Posted: August 2nd, 2015 9:01 PM

Such a wonderful heartfelt series. At Pro Bono Network we see so many clients who, if they had had access to low-level mental health services, could have avoided many large legal problems.Great that Dawn is contributing to spread the word through her personal account.

Lydia Villanueva-Soto from Oak Park   

Posted: July 31st, 2015 11:22 AM

Thank you for sharing your story, Dawn. Mental illness is present in many families and it takes more than just medication to find peace. Growing up around a family member with the disease wasn't easy but I am thankful for those around me that made life just a bit easier. I hope you continue to heal and sharing your story.

Charles Torpe from Elmwood Park  

Posted: July 31st, 2015 11:09 AM

Thank you Dawn for sharing your family's story. I work at NAMI Metro Suburban in Oak Park (National Alliance on Mental Illness). There's a participant there, who speaks publically about his story of recovery. There are two phases he shares that always stick with me. "What you resist persists" and "it's the secrets that keep us sick". Thanks for being public with your family's story, advocating for the importance of recovery, and transcending the stigma around mental illness. Your courage supports and helps heal us all. Peace to you and your family.

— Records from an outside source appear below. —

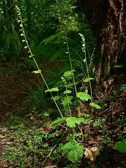 It has rounded stalked leaves mostly growing from the base emerging from a rootstock and bluntly toothed reaching heights of 30 cm.[6] It is evergreen in mild winters. Flowers are borne in spring and early summer, on spikes, terminal racemes, up to 60 cm high. The green calyx is 6–8 mm long; the five flower petals are greenish-white to purple, pinnately divided and spreading. The petals are deeply fringed. It has 10 stamens and 2 styles.[6]
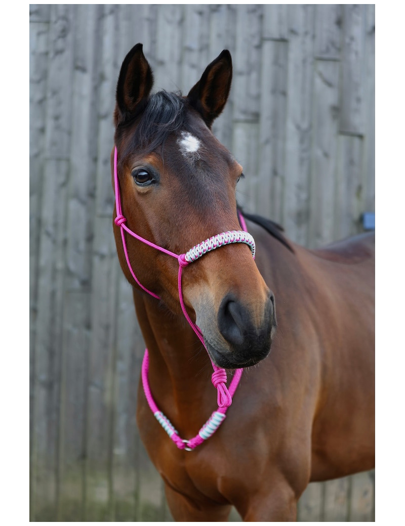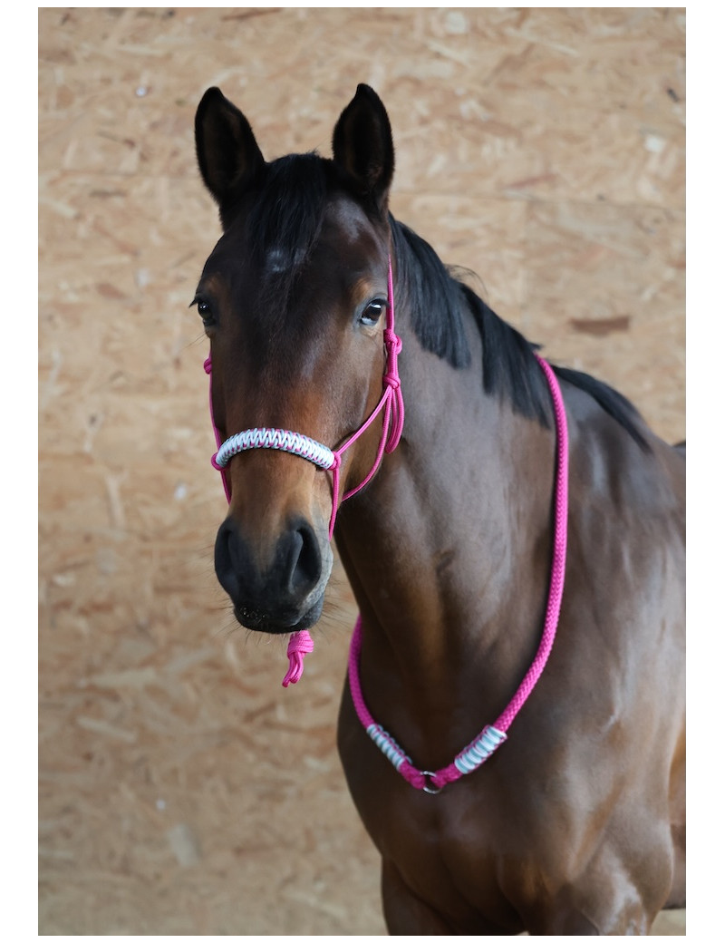 Licol éthologique édition Pink Limited, tressé à la main. Un équipement indispensable pour allier précision et progression dans l'éducation de votre cheval. Le tressage plat offre un véritable confort pour votre cheval.
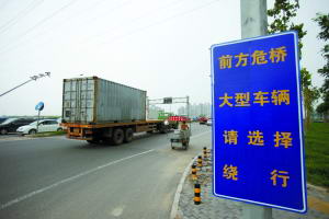 “前方危桥,大型车辆请选择绕行。”近日,连接通州马驹桥镇与亦庄的马驹桥新桥桥头,竖起了两块这样的提示牌。建成于2005年的该桥,去年桥面曾两次出现裂缝,开通6年即成为危桥。路政部门表示,将于近期大修桥面,在此之前竖立提示牌,以防该桥问题进一步扩大。
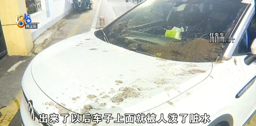 任先生拿完东西前后也就花了三五分钟,可等他回到车前,发现车身全是被泼的脏水,还夹杂着泥沙和废纸,散发着阵阵恶臭。
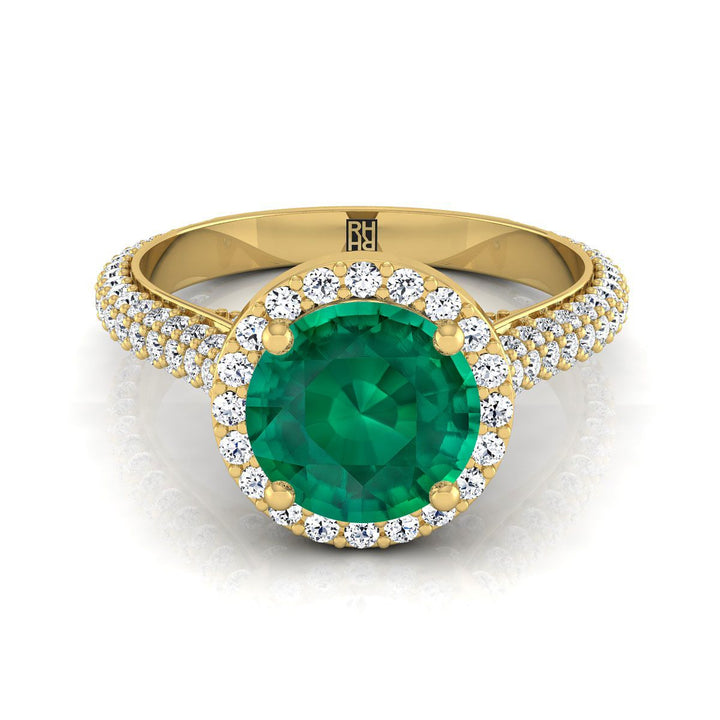 14K Yellow Gold Round Brilliant Emerald Micro-Pavé Halo With Pave Side Diamond Engagement Ring -7/8ctw
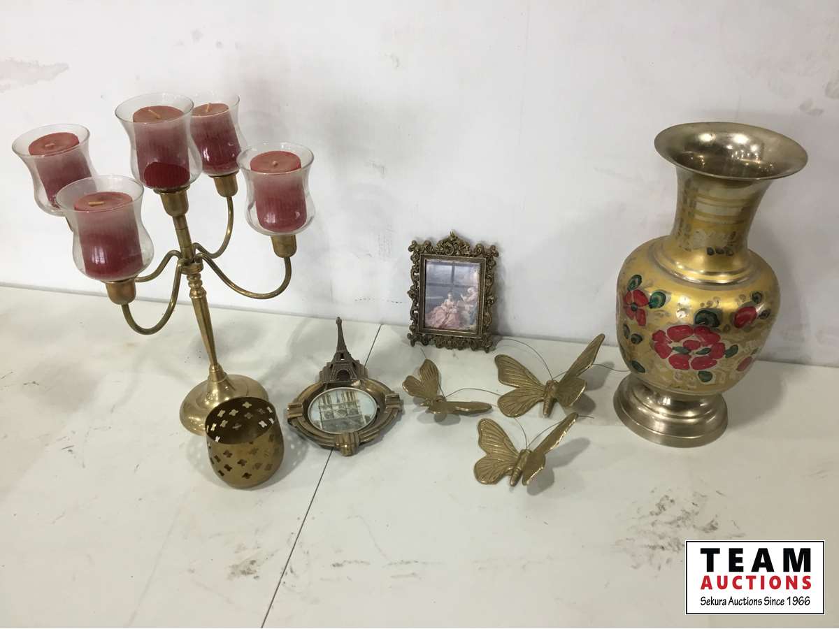 Metal vase, candle holder, picture, butterfly ornament, brass decorative bowl, brass coaster
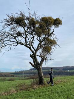 FÖJ’ler Tim Hülshoff kartiert mit einem GPS-Gerät den Mistelbefall
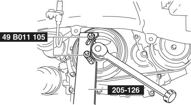 4. Hold the crankshaft pulley using the SSTs.
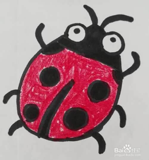 最后一步,如图所示,给七星瓢虫的涂上颜色,完成。
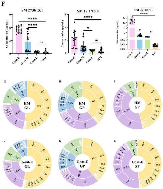 Metabolic pathway analysis of differential lipids. Analysis of metabolic pathways (A), molecular correlation network (B), and biomarker levels (C) of common differentiators in human milk and goat milk comparison groups, analysis of metabolic pathways (D), molecular correlation network (E), and biomarker levels (F) of common differentiators in a comparison group of goat milk during different lactations. Abundance distribution of fatty acids (FAs) in the GL, GP, and SP lipid molecules of HM (G–I) and Goat-E (J–L). * is p < 0.05, ** is p < 0.01, **** is p < 0.0001, “ns” is no significant.
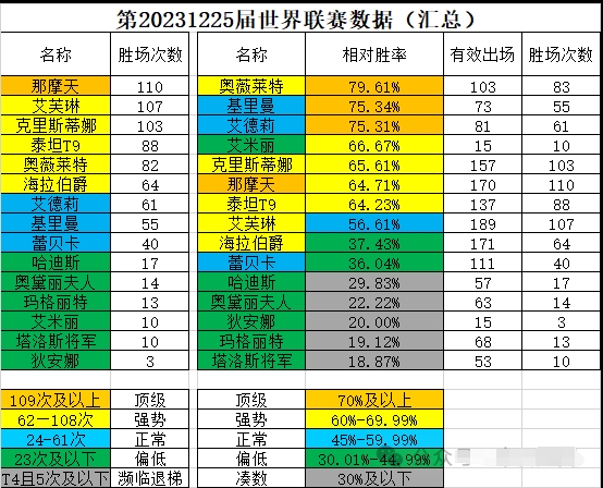 大家好,最新的世界赛再次落下帷幕。新一期的英雄T度有哪些变化?玩家做英雄哪些可以参考?这个已进月度的四系英雄,怎么就晋升T0呢? 第20231225届世界联赛数据跟进(汇总) 双平台数据(IOS末日血战、9665血色警戒) 共计有效对局131场次! 本期英雄T度的数据来源:亦存儿 针对每个出场的英雄,或者多个相同英雄,主要包括有效出场、胜场次数、相对胜率这三大维度,统计出来最新的英雄T度。 本期最新T度如下: 毫不例外都是当前最流行的主流光暗英雄。 奥薇莱特上线后成为最强辅助,但零回血、低输出让奥薇莱特没能取代曾经的第一支援艾芙琳。 从全方位支援角度看,艾芙琳仍然是最强奶妈。 那摩天已经普及,最高的甚至做了7+。 但是。 从目前的情况来看,那摩天将于月底入驻月度商店。 到时候新光系也将上线。 那摩天很可能会迎来一波史诗级削弱。 目前建议保持现有数量,进月度后最多把还没做满的补满,不太建议再做更多的那摩天(具体根据新出的光系刺客能否取代甚至淘汰那摩天而定)。 (左边这个阵容,我特么......太任性了) 艾芙琳、克里斯蒂娜则即将步入黄昏。 只是当前保有率高、登场频繁,量变引起质变。 胜率直接代表该英雄的PVP能力! 如果说胜场意味着英雄的普及度,胜率则直接代表英雄在PVP领域的统治力! 这种情况下。 奥薇莱特胜率第一,显示出奥薇莱特末日第一辅助的神级地位。 胜率第二第三竟然都是四系,这就有点意思了! 特别是艾德莉,目前是已经进月度的四系。 苟策划果然是懂英雄的,当初为什么要把四系英雄艾德莉削弱,原来是这个原因。 奥薇莱特+艾德莉的减伤效果实在太猛。 可惜砍得太明显,被玩家投诉太厉害,又改回来,成就了目前的艾德莉T0地位! 艾德莉与奥薇莱特相得益彰。 图中右边这个阵容目前已是顶级阵容之一,毋庸置疑。 艾德莉只要不被对位,在这个阵容里可谓滴水不漏。 相比之下,基里曼目前的发挥其实不太稳定。 越是大佬,发挥越好。 越是平民,发挥越不稳定。 提示: 因此不要完全迷信胜率,普通玩家特别是新区玩家强行做艾德莉还是有风险的。 基里曼从目前看,反倒是万金油,至少一个是不亏的。 新区首选基里曼,也不会亏。 结合胜场、胜率统计的结果, 最新梯度: T0 奥薇莱特 艾德莉 那摩天 克里斯蒂娜 艾德莉升T0 泰坦T9掉T0.5 基里曼升T0.5 海拉伯爵掉T1 艾米丽升T2 海拉伯爵在大佬手中,已经进入了上不了场的尴尬境地。 克里斯蒂娜在高端局PVP中逐渐失去主导位置。 泰坦T9感觉本期发挥不是太好,正常来说,泰坦T9和克里斯蒂娜互换T度位置才对。 奥薇莱特的队友免疫封印盘活了绝大多数此前面临淘汰的英雄,比如泰坦、艾德莉,同时也将克里斯蒂娜送上了绞刑台。 除艾德莉和克里斯蒂娜之外,以上英雄是绝大多数玩家都可以投入资源培养的英雄。 但普通玩家培养也应当有所倾向: 那摩天,全能,首选。 奥薇莱特、泰坦T9,更倾向PVP,资源有余力才考虑。 当前版本四系之王基里曼在奥薇莱特登场后,升到T1,紧接着光刺即将登场,基里曼最多也就是T0.5了。 不过基里曼打BOSS也很好用,可以作为首选培养英雄。 近一年的四系英雄,最近排名靠前的四系英雄越来越多了。 看来苟策划也不希望末日血战变成光暗血战。 这才是正常应该有的格局——光暗主导,四系锦上添花。 但是小编还是建议玩家做光暗英雄,原因很简单: 做了奥薇莱特,没做基里曼的,会被两个英雄都做了的氪佬揍。 做了基里曼,没做奥薇莱特的,会被做了奥薇莱特的零氪玩家揍。 光暗英雄和四系英雄的地位就这么形象。 从2022年第一个暗系卡斯兰,历经玛格丽特、塔洛斯将军、艾芙琳、海拉伯爵、泰坦T9、克里斯蒂娜、那摩天、奥薇莱特一共9个光暗英雄。 目前为止,除了卡斯兰(暗法事件影响)、塔洛斯将军稍微弱一些,其他的光暗全部都是强势超过1年时间。 做光暗还是四系,兄弟们应该也有答案了! 注意事项: 本期英雄T度是通过世界赛实战数据进而分析得出的结论。 世界赛、巅峰赛都是顶端玩家的队伍配置,基本都是重度氪金玩家,英雄培养可参考不可完全模仿! 为了给普通玩家培养英雄提供参考,小编给出普通玩家培养英雄T度建议: T0:那摩天/海拉伯爵/基里曼 T1.5及以后的英雄不建议作为主力培养。 后续四系新英雄培养可参考以上的英雄定位培养。 问题来了:普通玩家怎么培养光暗英雄? 一个字:憋! 憋不住,不太建议玩末日。
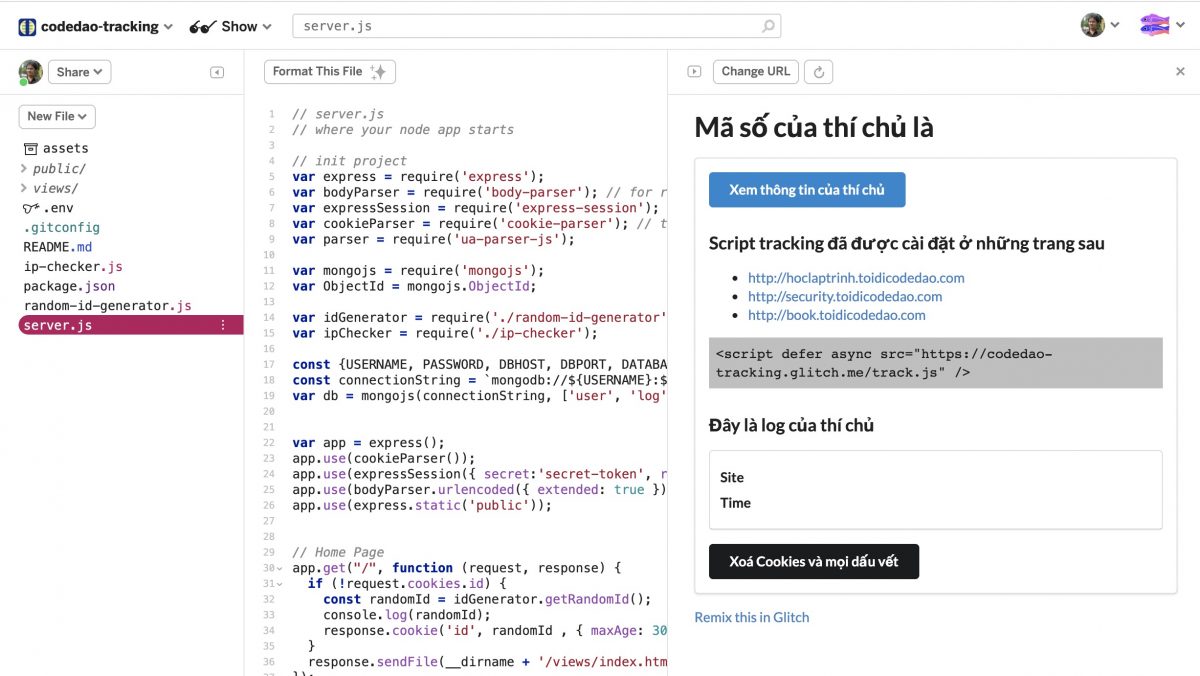 Ví dụ, khi mình code 1 trang sử dụng Cookie để theo dõi người dùng, mình có thể share project Glitch tại glitch.com/~codedao-tracking.

Sarah Johnson from Chicago  

Posted: July 30th, 2015 11:34 AM

As a family member and friend to people who have struggled with mental health issues, I hear your pain, sadness, and finally, acceptance. I am truly sorry for your loss. No words I can say here can so eloquently and candidly mean so much as your compelling story. I can add a voice to yours about mental illness and why we need to have a cultural and national dialogue about how we view it and treat it. Too long has society created stigma around mental illness when we should be treating like any physical illness. Too long has society pretended that each individual's problem is only their own when it comes to their struggle with mental health. It affects 100% of our population in some form or another. Every single one of us lives or interacts with mental health problems at work, school, and home. We need more stories like yours. We need an open dialogue and support for sisters, friends, spouses, and everyone else we know who needs help. Thank you for your story. This is one step closer to helping us all understand that we aren't alone. And, we can have a voice for those who can't speak for themselves.